According to Chen, current kernels add about 15µs of overhead to every page fault that is satisfied by a read from a solid-state swap device. That, he says, is comparable to the amount of time it takes to actually read the data from the device. With the patches applied, that overhead drops to 4µs, a significant improvement. There have been no definitive comments on the patch set as of this writing, but it seems like the sort of improvement that the swap subsystem needs to work well with contemporary storage devices.

Comments (5 posted)

A report from the documentation maintainer

By Jonathan Corbet
October 26, 2016

It is now nearly exactly two years since my ill-advised decision to accept the role of the maintainer of the kernel's documentation collection. After a bit of a slow start, things have started to happen in the documentation area. As part of the preparation exercise for an upcoming Kernel Summit session on documentation, here is a report on where things stand and where they are going.

The biggest overall change, of course, is the transition away from a homebrew DocBook-based toolchain to a formatted documentation setup based on the Sphinx system, as was described in this article last July. The transition made some waves when it hit; in the 4.8-rc1 announcement, Linus noted that a full 20% of the patch set was documentation updates.

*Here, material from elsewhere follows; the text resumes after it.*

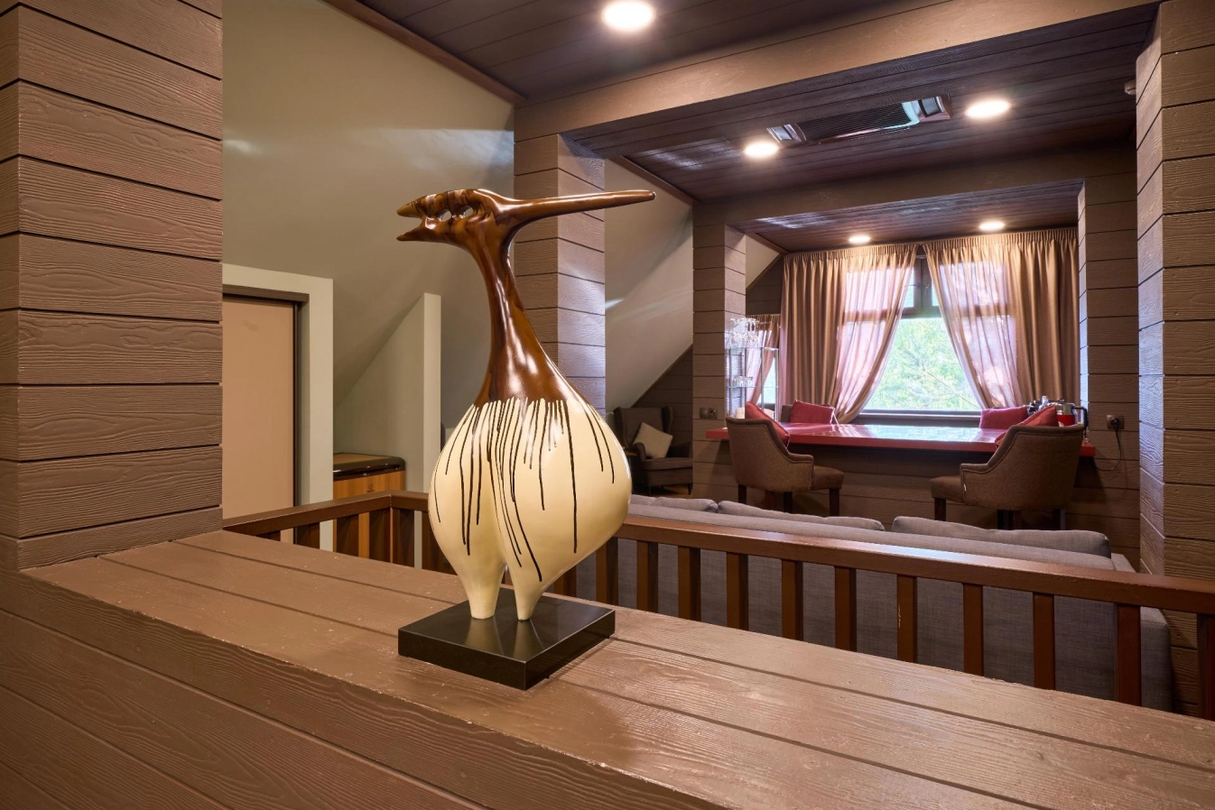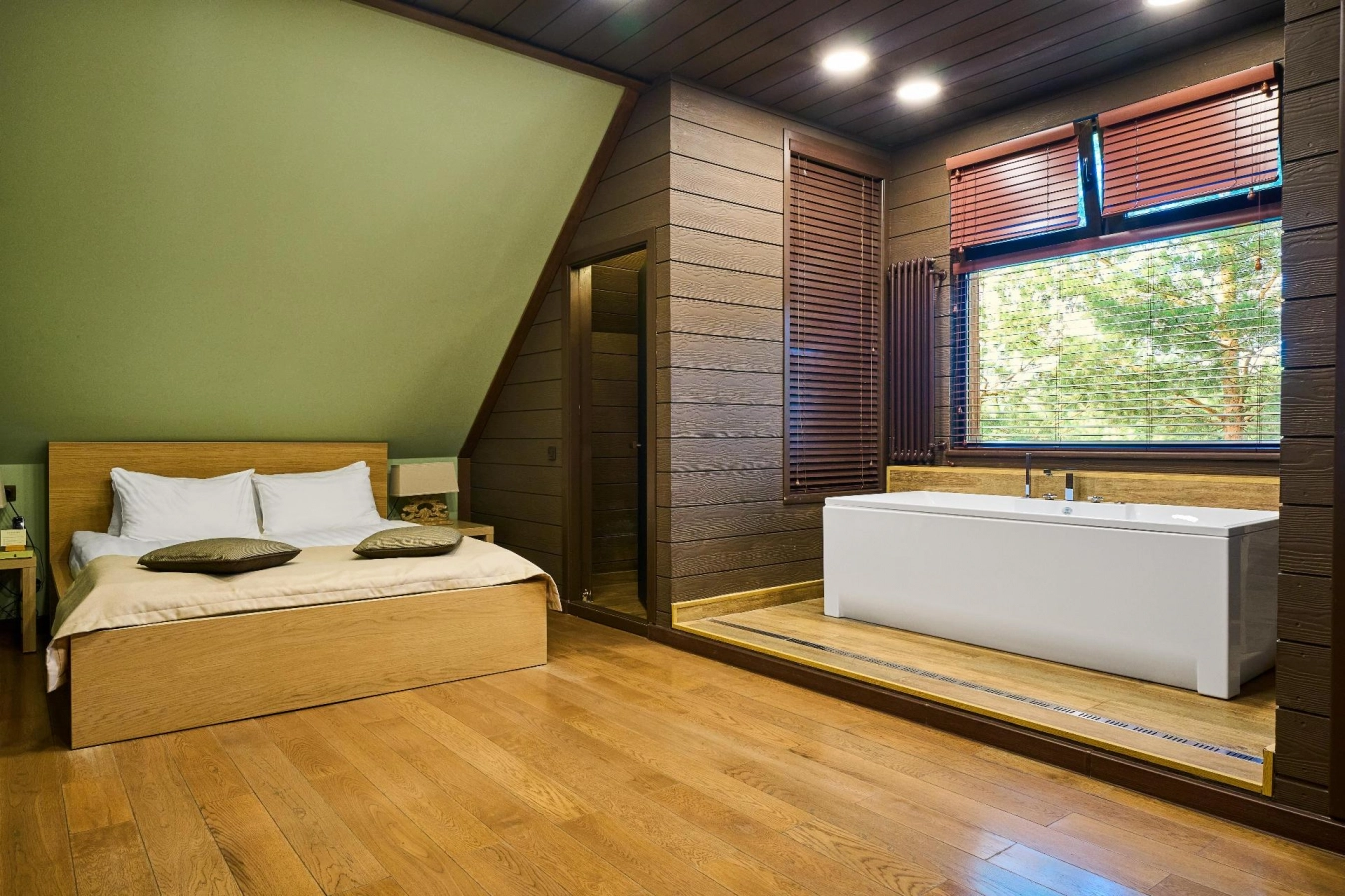 The penthouse is a unique offer of our hotel for two people. But this room can also accommodate a family or a company of up to 4 guests, 2 guests in the main seats and 2 in additional ones. The cost of an additional seat is 3000 rubles per day. At your disposal is a spacious studio room with two sofa areas, a bedroom, a dining area and a modern, comfortable bathroom with a picturesque view of the birch grove.
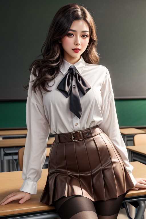 create a striking picture of a very busty 25 years old student from venezuela, standing infront of her desk in the classroom, huge tits, with straight thick dark brown wavy hair that frames her cute and beautiful face. she wants you, Her big captivating brown eyes hold a hint of mystery, and her lips are adorned with a bold shade of crimson, She wears a playful shirt and an expensive pleated skirt, she wears stockings and a tie, the colors contrasting elegantly against each other, her love gaze and poised demeanor take center stage, capturing the essence of her youthful charm and allure, well endowed, hair bow, extra large breast, very detailed and perfect face and half body, natural beauty, uhd, High quality, high definition, clear image, perfect face, perfect body, very big boobs, approaching perfection, slightly drooping eyes, glamor, bg_imgs, epiCPhoto

It is fair to say that kernel developers do not ordinarily put that much effort into documentation. Much of the credit for this work goes to Daniel Vetter and Mauro Carvalho Chehab, who worked hard to transition the GPU and media subsystem documentation, respectively, along with Jani Nikula and Markus Heiser, who made the Sphinx-based plumbing work.

Perhaps unsurprisingly, there have been places where Sphinx has not worked out quite as well as desired. Perhaps the biggest initial disappointment was PDF output. The original plan was to use rst2pdf, a relatively simple tool that offered the possibility of creating PDF files without a heavy toolchain. It does indeed create pretty output for simple input files, but it falls over completely with more complex documents; after a while, it became clear that it was not going to meet the kernel community's needs.

That means falling back to LaTeX in 4.9; LaTeX works, but is not without its drawbacks. LaTeX is not a small system; the basic install on my openSUSE Tumbleweed system was over 1,700 packages. The base Fedora installation is much smaller, but that is not necessarily better. There, getting the documentation built requires executing a seemingly endless loop of "which .sty file is missing now, and which package provides it?" work. Part of the idea behind switching to Sphinx was to make setting up the toolchain easier; that goal has still been met for those who are happy with HTML or EPUB output, but remains elusive for PDF output.

After 4.8

The 4.7 kernel contains 34 "template" files that are processed by the DocBook-based toolchain; that number is down to 30 in the 4.9-rc kernels. The conversion of the remaining template files continues; eventually they will all be done and the DocBook dependency can be removed. The conversion is generally easy to do (there is a script included in the kernel source that helps), but making it all look nice can take a little longer. And updating some of the kernel's ancient documentation to match current reality may take longer yet.

A few dozen template files are one thing, but what about the various plain-text files scattered around the documentation directory? There are over 2,000 of these (not counting the device-tree files), some rather more helpful than others. Very little organizational thought has been applied to this directory. As former documentation maintainer Rob Landley put it in 2007, "Documentation/* is a gigantic mess, currently organized based on where random passers-by put things down last". It has improved little since then.

Now we are trying to improve it by applying some structure to the directory and by bringing the plain-text files into the growing body of Sphinx-based documentation. The latter task is easy — most of the plain-text files are almost in the reStructuredText format used by Sphinx already, so only minor tweaks are required. The organizational task is harder.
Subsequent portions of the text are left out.